Tuesday, February 24, 2009

Uber-Shaders: Evolution or Optimization

Let's just imagine that you have an uber-shader, and an uber-interface for it.  The uber-shader can do about 100 cool shading tricks, and is set with a struct like this:
struct shader {
 int tex_mode;
 int tex_ref;
 int want_shadows;
 int want_emissive_tex;
 int lit_ref;
A single function "setup" takes a shader struct and sets all of the OpenGL parameters to make it happen.  This function knows what the GLSL code looks like and does the right thing.

This design has been a win for us with X-Plane because:
  • The encapsulated setup function can deal with hw-specific issues.  For example, if you can approximate the shader state request using the fixed-function pipeline on old hardware, this gets hidden in "setup" and client code doesn't care.
  • Since you have access to all state at the same time, you can do things like pick from a set of customized shaders based on state combinations.  (In other words, you can create a large number of highly optimized shaders for specific cases.)

What do you do if you need to change one parameter of the shader?  The naive answer is:
In other words, you tear down OpenGL state, change the request, then build it up again.
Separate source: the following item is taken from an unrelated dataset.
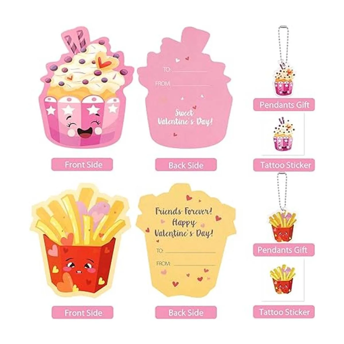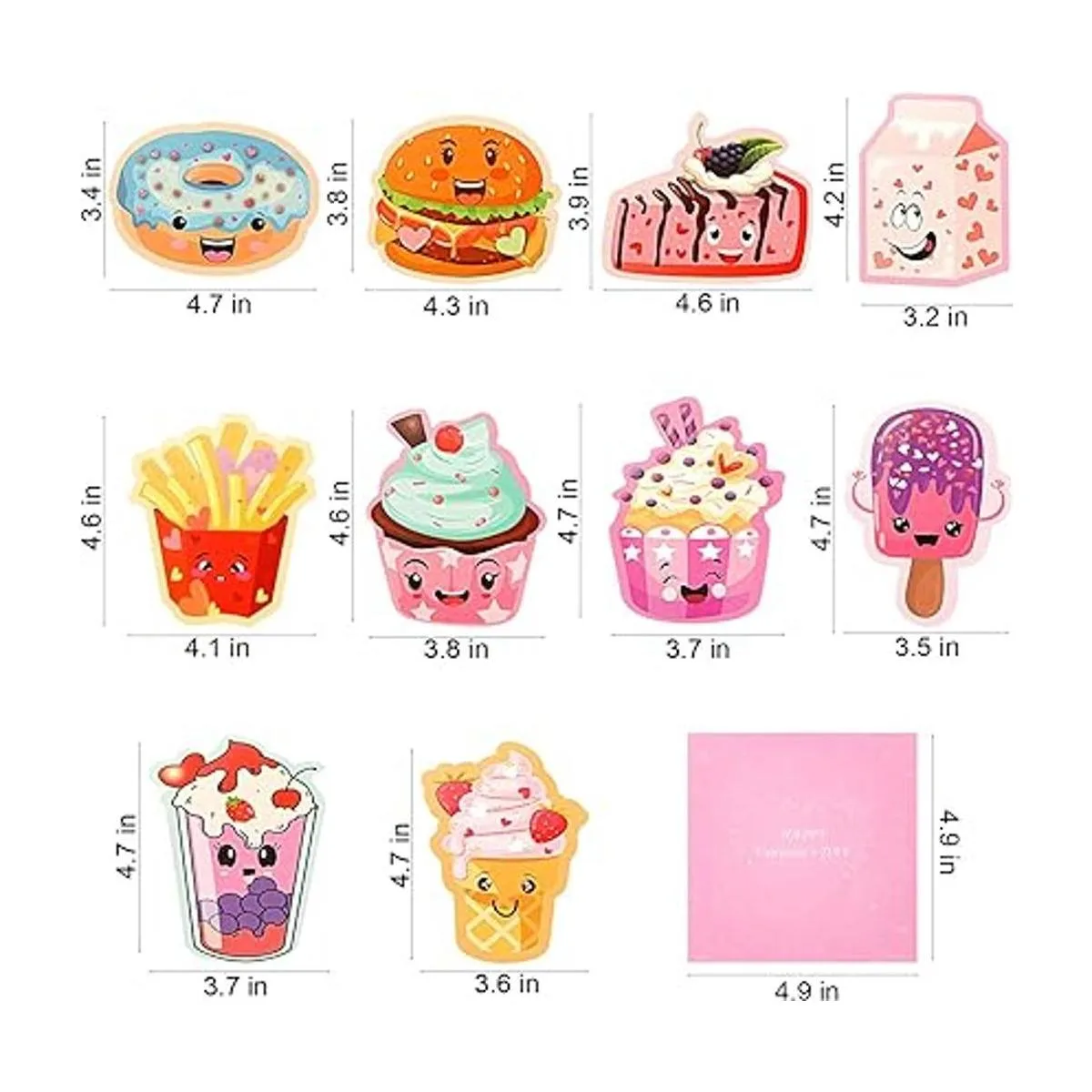 Patrones superbonitos para elegir: nuestras tarjetas cuentan con 10 patrones diferentes como pasteles, donas, helados, hamburguesas, patatas fritas, etc. Cada tarjeta coincide con los regalos relacionados y tatuajes temporales extraíbles, seguro para los niños sin ningún mal olor. Una nota dulce seguramente alegrará el día de alguien y a menudo significa más que caramelos.

Well, that seems inefficient, doesn't it?  What if there is a fast path?  (For example, if all you are changing is polygon offset, all you really need to do is call glPolygonOffset.

One extension to the uber-shader interface is a series of 'evolution' APIs that change a single parameter, e.g.
Naively this is equivalent to the reset/change/setup code above, but the implementation might do something clever, like only rebind the texture unit but leave the shader object alone.

Is this a win?  It seems reasonable to hope so.  For example, if the state being changed is effectively a uniform passed to the GPU (or GPU state not related to shading), we might be a lot closer to minimal state change.


What happens when your shader gets really big and complex?  One problem is that the logic in client code that sets up the shader gets big and complex.  For example: if the source texture has no alpha channel and there is no overlay texture, you can disable alpha blending.  Disabling alpha blending might be a huge performance win - maybe your app is bottlenecked on raster ops.  But having this logic everywhere in the client code isn't good - it means that you're not sure that you have ideal optimization at every shader point.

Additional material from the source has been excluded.